И слышу я, что где-то в мире грозы,
Что амазонок копья блещут вновь…
А я — пера не удержу! Две розы
Сердечную мне высосали кровь.
Автобиография
Родилась 26 сентября 1892 г., в Москве. Отец - Иван Владимирович Цветаев - профессор Московского университета, основатель и собиратель Музея изящных искусств, выдающийся филолог. Мать - Мария Александровна Мейн - страстная музыкантша, страстно любит стихи и сама их пишет. Страсть к стихам - от матери, страсть к работе и к природе - от обоих родителей.

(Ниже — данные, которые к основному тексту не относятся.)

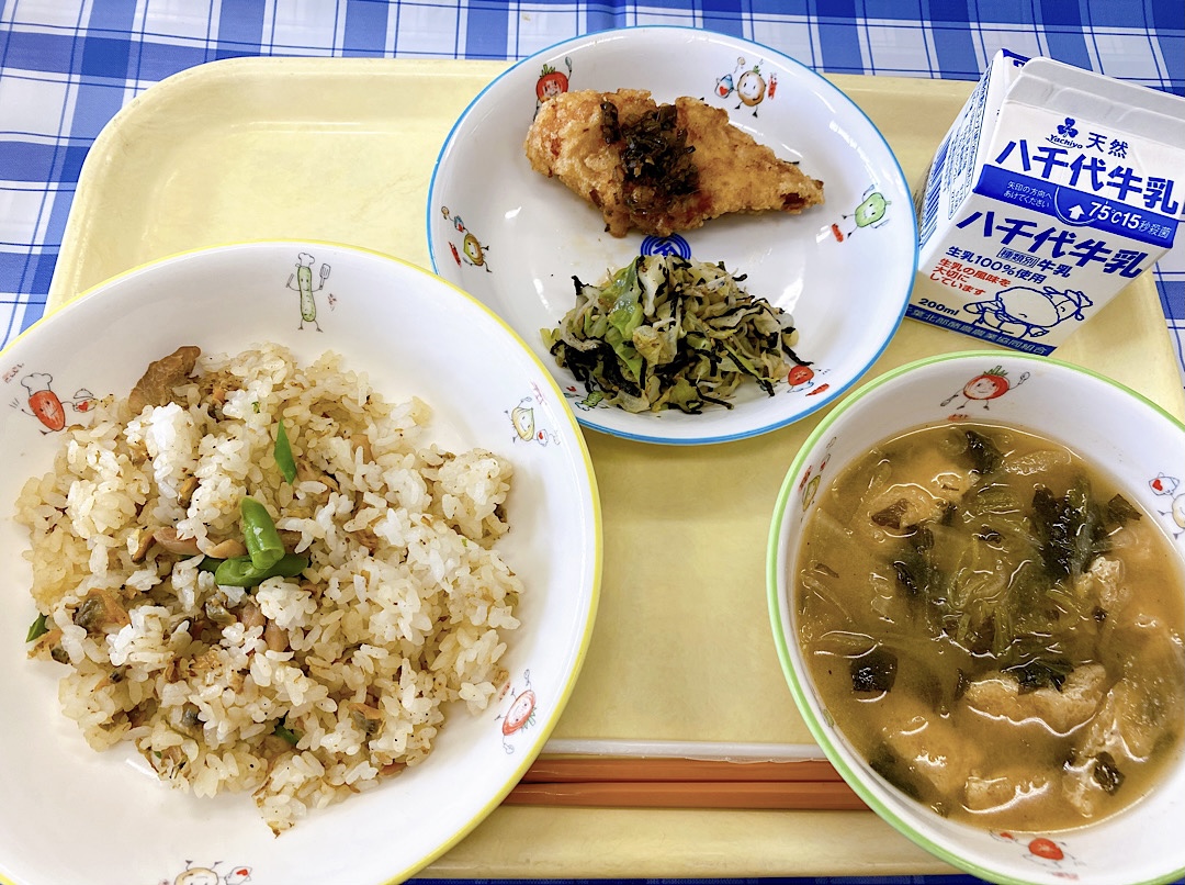 - 深川めし、めばるの薬味ソースがけ、じゃこあえ、小松菜の味噌汁、牛乳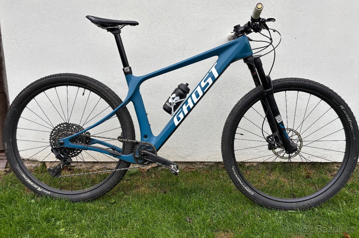 Dobrý den, prodám zánovní kolo GHOST LECTOR SF LC UNIVERSAL - Sky / Star White v TOP stavu s teleskopickou sedlovkou. Kolo je bez škrábanců, po výměně řetězu s plášti na 90%. Vidlice: Rock Shox SID Select RL Onelo 120mm Přehazovačka: SRAM GX Eagle 12-S Řetěz: SRAM GX Eagle Brzdy: Sram Level TL 2/2 Piston 180 / 160 mm Disc Řídítka: Ground Fiftyone flat bar Dia. 31.8 mm 760 mm Gripy: ESI bílé Představec: Ground Fiftyone Dia. 31.8 mm Sedlo: Selle Italia SLR Adjustable Kotouče: SRAM Centerline 180 / 160 mm Zdvih přední: 120 mm Velikost: L Plášť přední/zadní: Continental Race King Počet převodů: 12 V případně jakýchkoli informací o kole, mne neváhejte zkontaktovat.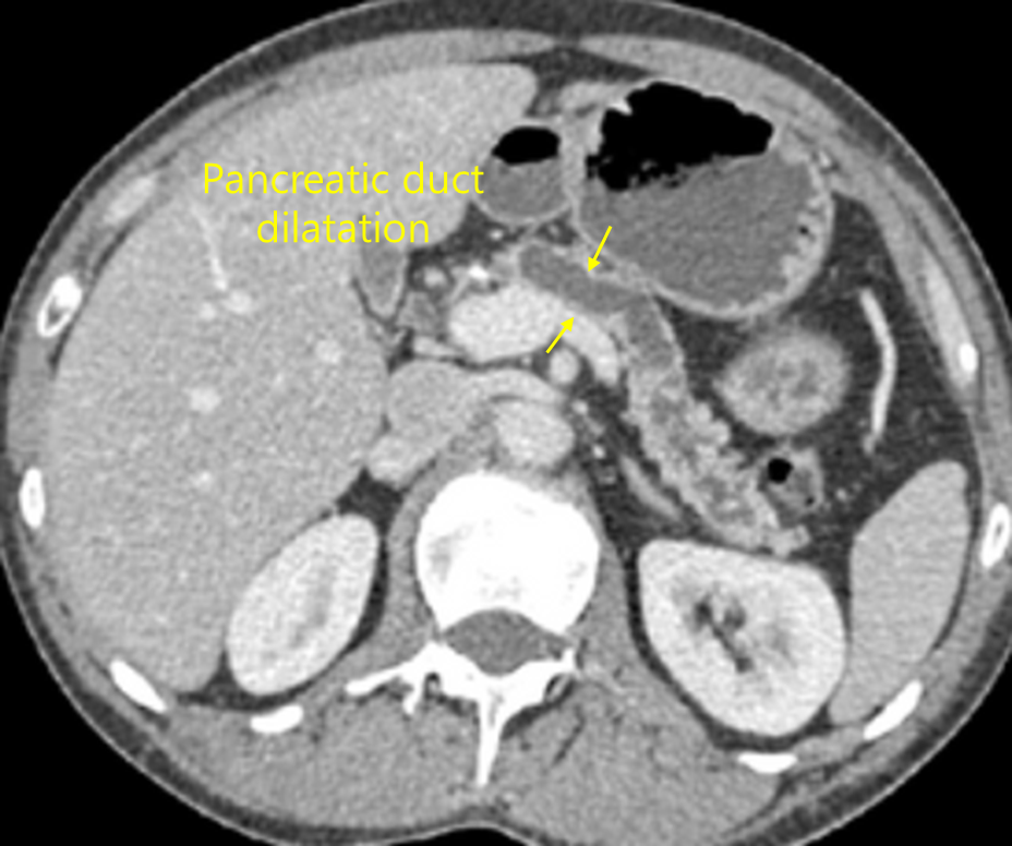 만성적인 상복부 통증, 당뇨, 음주력, 흡연력으로부터 만성 췌장염을 의심할 수 있고, CT 상 췌관 확장 소견도 만성 췌장염의 진단에 도움이 된다.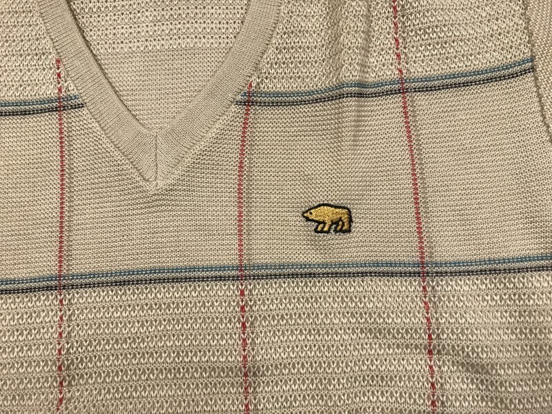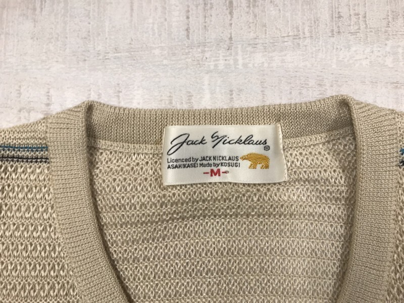 Jack Nicklaus ジャックニクラス Golden bear ゴールデンベア ゴルフ 麻混 Vネック チェック サマーニット セーター メンズ M ベージュ です。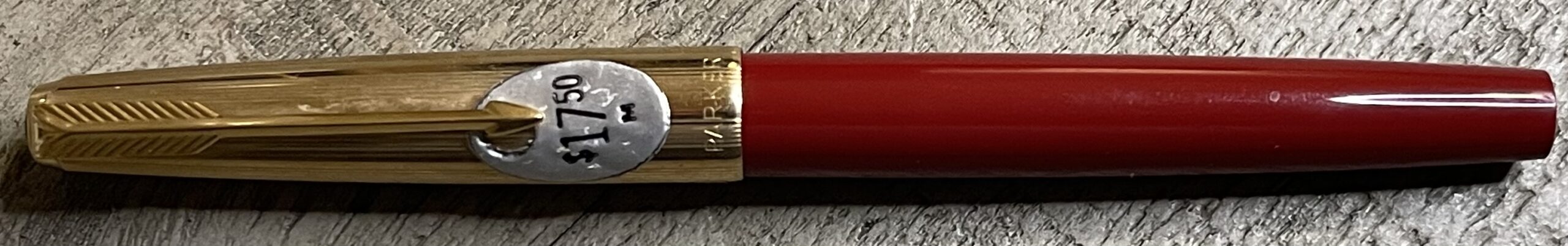 JV347. PARKER “51” Aerometric in pearlized red plastic barrel and hood by Ariel Kullock. Original Parker gold filled cap with no dents or dings. Fine 14k nib. Completely restored and working, $275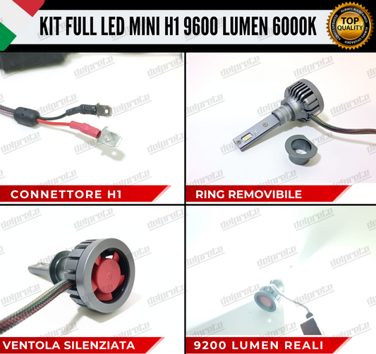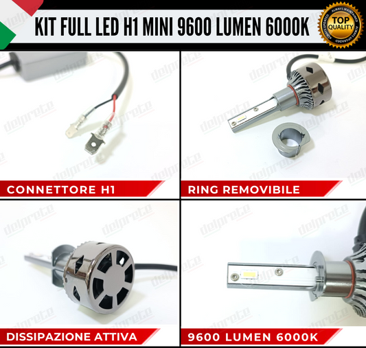 KIT LED H1 MINI FULL LED 6000K XENON CANBUS 9600 LUMEN REALI NO ERROR AUTO MOTO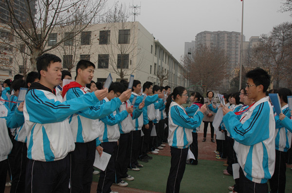上午7点,调研组人员首先观摩了高一年级开展的“疯狂英语”晨读活动,并在高一(1)班观摩了历史课堂教学情况。随后,组织召开了有学校领导、教学主管部门、课改年级任课教师等30多人参加的座谈会。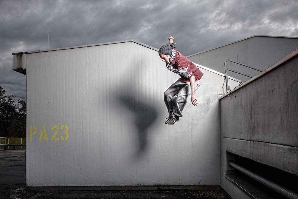 Sebastian Gies wirbelt gern mal durch die Luft. Als ambitionierter Parkour-Sportler überwindet er spielend glatte Wände und hohe Mauern – mitten in der Stadt oder auf der Show-Bühne. Vor zehn Jahren fing Sebastian als Teenager mit Parkour an, jetzt ist er Mitte Zwanzig und hauptberuflich Konzeptioner bei Federfrei, einem freien Kreativbüro in Köln. Auf seinen Sport möchte Sebastian auch nach dem Berufseinstieg nicht verzichten. Denn Parkour ist nicht nur ein hocheffizientes Ganzkörpertraining, sondern hält auch mental fit. Das hilft im kreativen Agenturalltag. Außerdem sammelt Sebastian als Trainer, Choreograf und Performer in der erfolgreichen Bochumer Crossover-Show „Urbanatix“ nützliche Live-Erfahrung. So viel Professionalität erfordert eine Menge Zeit und Energie, als Feierabend-Hobby funktioniert das nicht.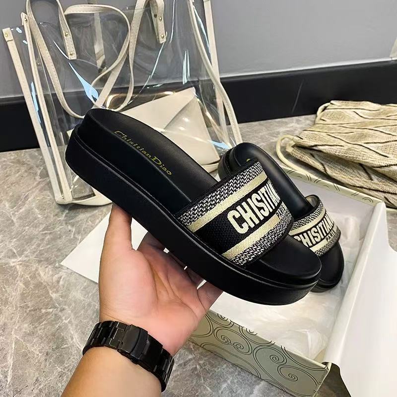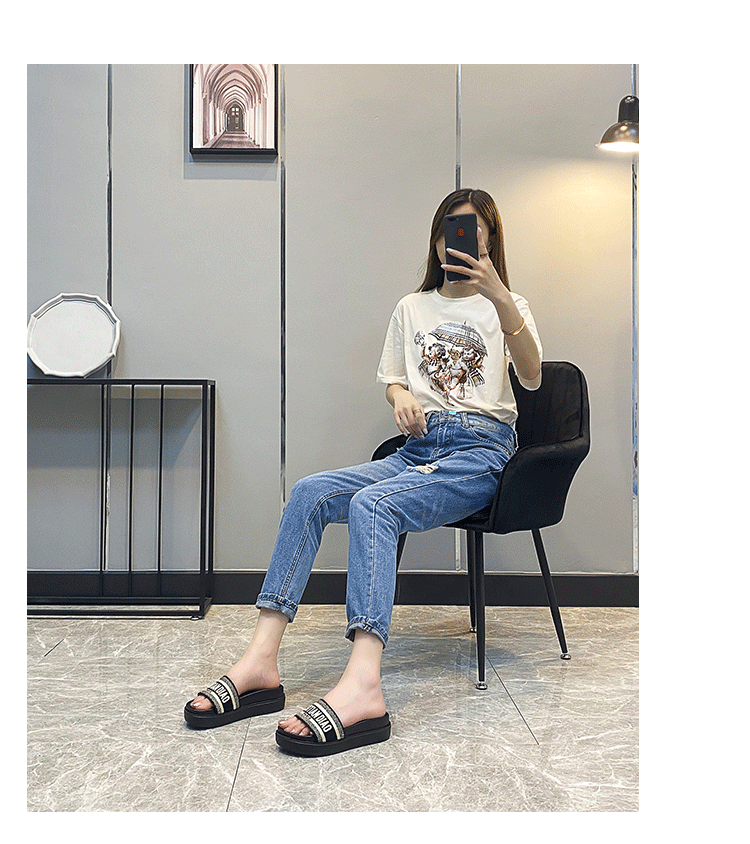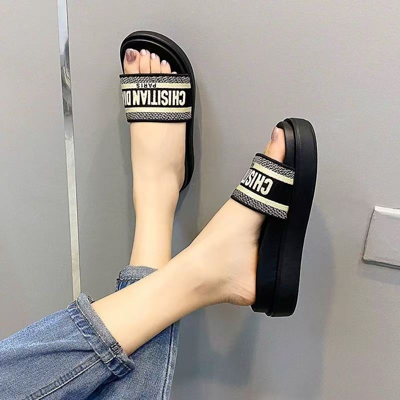 D 홈 같은 스타일 편지 수 놓은 두꺼운 하단 샌들 새로운 명암 컬러 휴가 외부 착용 한 단어 증가 샌들 여성용 두꺼운 힐스토어 가기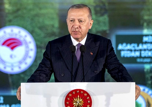 Erdoğan açıklamasında, "Bir tarafta yanan orman alanları, diğer tarafta sel baskınları, öte tarafta kuraklık gibi olaylar bize tabiatın ikazlarıdır. Biz bu ikazları görüyor, mesajı alıyoruz." dedi.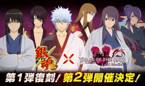 空知英秋先生による大人気“SF人情なんちゃって時代劇コメディー”を原作としたテレビアニメ「銀魂」× App Store /Google Play向けアプリ「テイルズ オブ ザ レイズ ラスト クレイドル」による、復刻コラボ & 第2弾コラボが開催決定!万屋の面々に加えて、新たに桂小太郎・高杉晋助の参加が発表。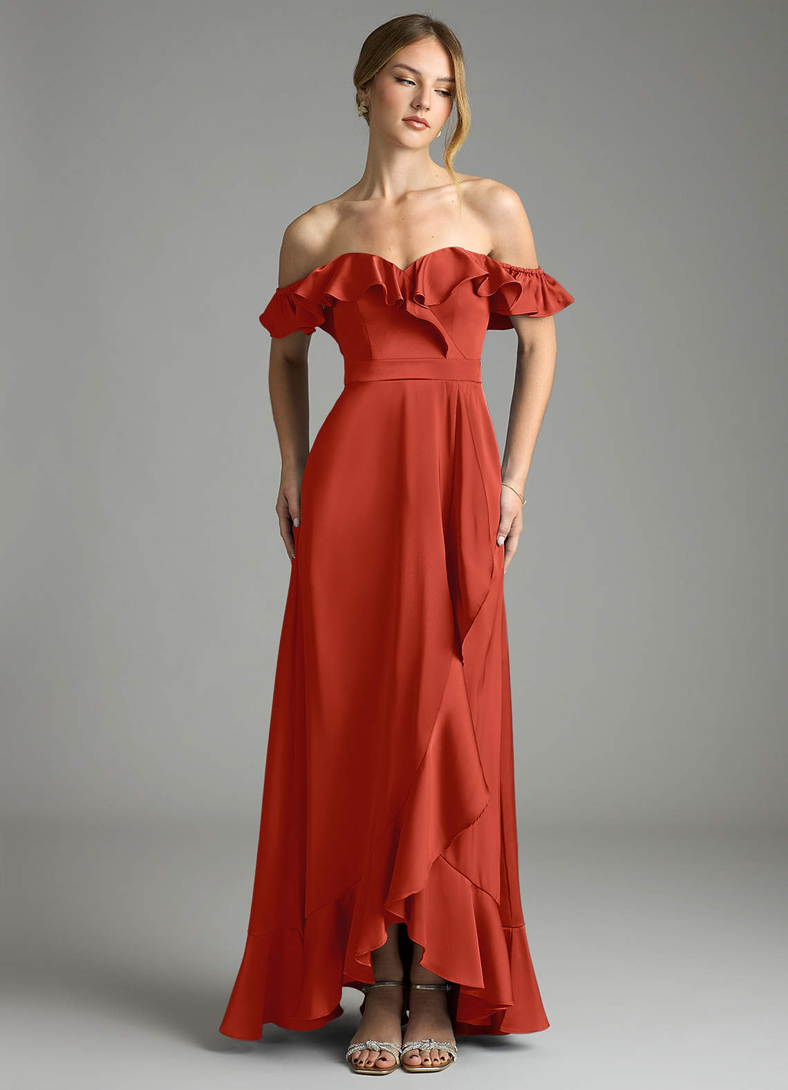 Rust A-Line Off the Shoulder Stretch Satin Convertible Dress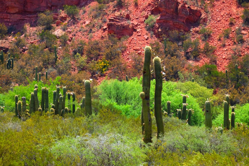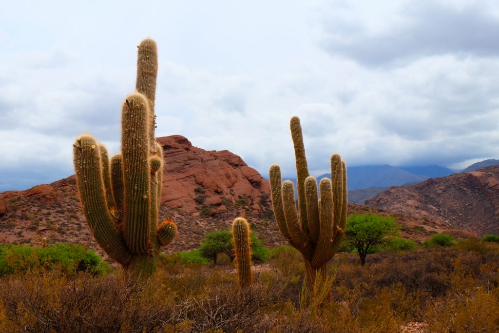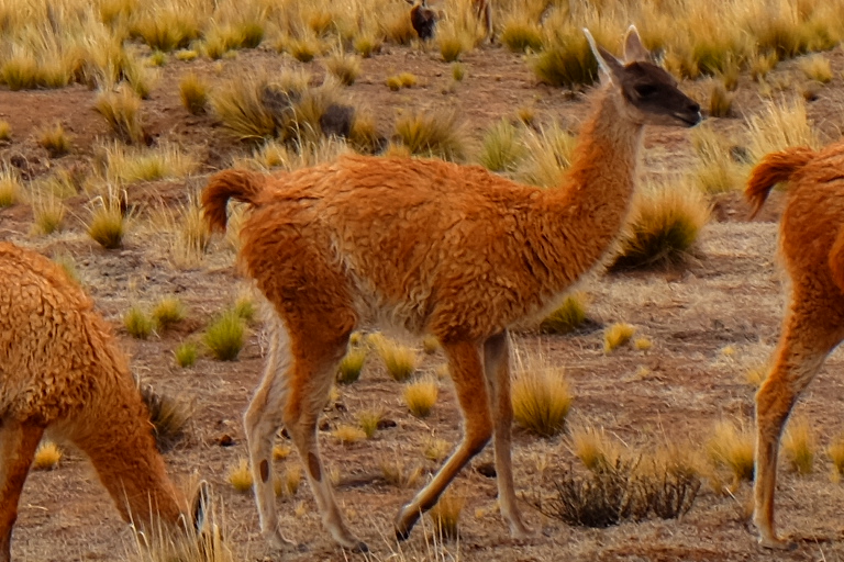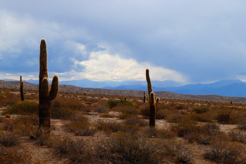 Um auf die Kultstraße zu gelangen, nehmen wir von Salta aus erst einmal die Ruta 33, die uns sehr schnell auf eine Höhe von 3.300 Metern führt. In der Hochwüste leben Herden von Guanacos. Einige von ihnen sind sogar recht zutraulich und fotogen zugleich. Als wir den Parque Nacional Los Cordones mit all seinen Kakteen erreichen, baut sich oberhalb der Berge ein Gewitter auf, das uns kurze Zeit später volle Lotte erwischt. So schnell wie es da war, ist auch wieder weg. Beim Erreichen der Campsite scheint schon wieder die Sonne.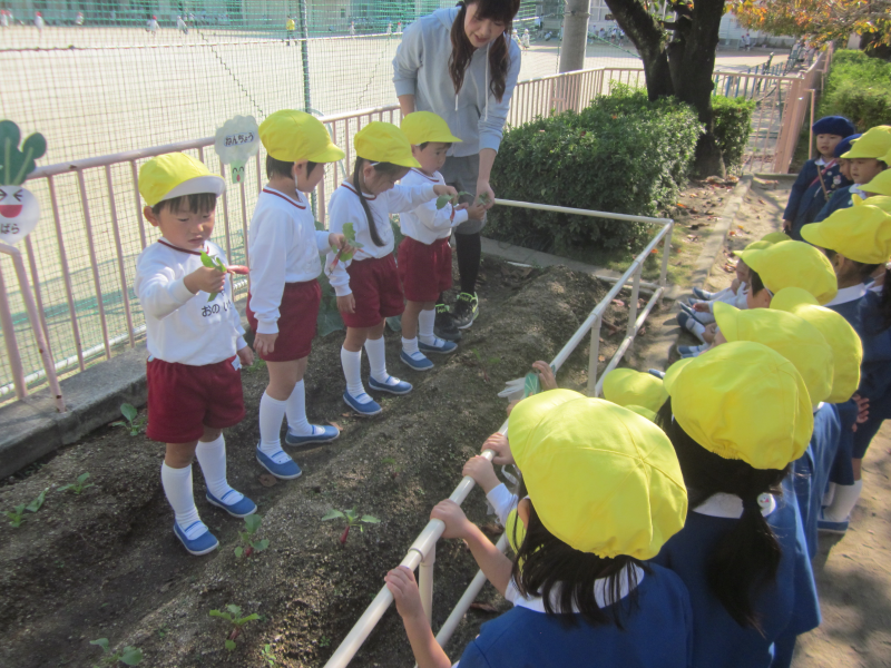 先日、年少組で育てていたはつか大根をみんなで収穫しました!!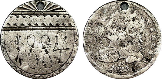 1833 10c US Bust Dime Love Token Engraved – 1884
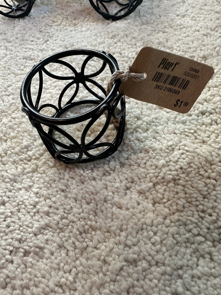 Brand new with tags - Pier 1 black metal napkin rings. Beautiful design that would go well with almost any table setting. Smoke free home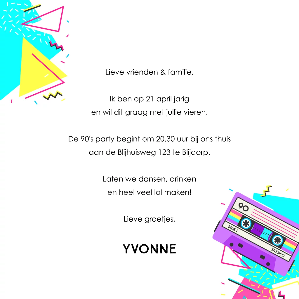 Uitnodiging nineties party cassettebandje met foto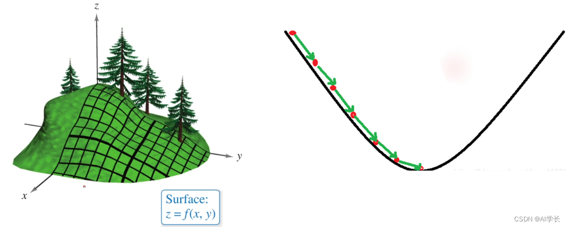 假设场景:一个人被困在山上,需要从山上下来(找到山的最低点,山谷)。但此时山上的浓雾很大,导致可视度很低;因此,下山的路径就无法确定,必须利用自己周围的信息一步一步地找到最快下山的路。

Первые языки: немецкий и русский, к семи годам - французский. Материнское чтение вслух и музыка. Ундина, Рустем и Зораб, Царевна в зелени - из самостоятельно прочитанного. Нело и Патраш. Любимое занятие с четырех лет - чтение, с пяти лет - писание. Все, что любила, - любила до семи лет, и больше не полюбила ничего. Сорока семи лет от роду скажу, что все, что мне суждено было узнать, - узнала до семи лет, а все последующие сорок - осознавала.
Мать - сама лирическая стихия. Я у своей матери старшая дочь, но любимая - не я. Мною она гордится, вторую - любит. Ранняя обида на недостаточность любви. Детство до десяти лет - старый дом в Трехпрудном переулке (Москва) и одинокая дача Песочная, на Оке, близ города Тарусы Калужской губернии.
Первая школа - музыкальная школа Зограф-Плаксиной в Мерзляковском переулке, куда поступаю самой младшей ученицей, неполных шести лет. Следующая - IV гимназия, куда поступаю в приготовительный класс. Осенью 1902 г. уезжаю с больной матерью на Итальянскую Ривьеру, в городок Nervi, близ Генуи, где впервые знакомлюсь с русскими революционерами и понятием Революция. Пишу Революционные стихи, которые печатают в Женеве. Весной 1902 г. поступаю во французский интернат в Лозанне, где остаюсь полтора года. Пишу французские стихи. Летом 1904 г. еду с матерью в Германию, в Шварцвальд, где осенью поступаю в интернат во Фрайбурге. Пишу немецкие стихи. Самая любимая книга тех времен - "Лихтенштейн" В. Гауфа. Летом 1906 г. возвращаюсь с матерью в Россию. Мать, не доехав до Москвы, умирает на даче Песочная, близ города Тарусы.
Осенью 1906 г. поступаю в интернат московской гимназии Фон-Дервиз. Пишу Революционные стихи. После интерната Фон-Дервиз - интернат Алферовской гимназии, после которого VI и VII класс в гимназии Брюхоненко (приходящей). Лета - за границей, в Париже и в Дрездене. Дружба с поэтом Эллисом и филологом Нилендером. В 1910 г., еще в гимназии, издаю свою первую книгу стихов - "Вечерний альбом" - стихи 15, 16, 17 лет - и знакомлюсь с поэтом М. Волошиным, написавшим обо мне первую (если не ошибаюсь) большую статью. Летом 1911 г. еду к нему в Коктебель и знакомлюсь там со своим будущим мужем - Сергеем Эфроном, которому 17 лет и с которым уже не расстаюсь. Замуж за него выхожу в 1912 г. В1912 г. выходит моя вторая книга стихов "Волшебный фонарь" и рождается моя первая дочь - Ариадна. В 1913 г. - смерть отца.
С 1912 по 1922 года пишу непрерывно, но книг не печатаю. Из периодической прессы печатаюсь несколько раз в журнале "Северные записки".
С начала революции по 1922 г. живу в Москве. В 1920 г. умирает в приюте моя вторая дочь, Ирина, трех лет от роду. В 1922 г. уезжаю за границу, где остаюсь 17 лет, из которых 3 с половиной года в Чехии и 14 лет во Франции. В 1939 г. возвращаюсь в Советский Союз - вслед за семьей и чтобы дать сыну Георгию (родился в 1925 г.) родину.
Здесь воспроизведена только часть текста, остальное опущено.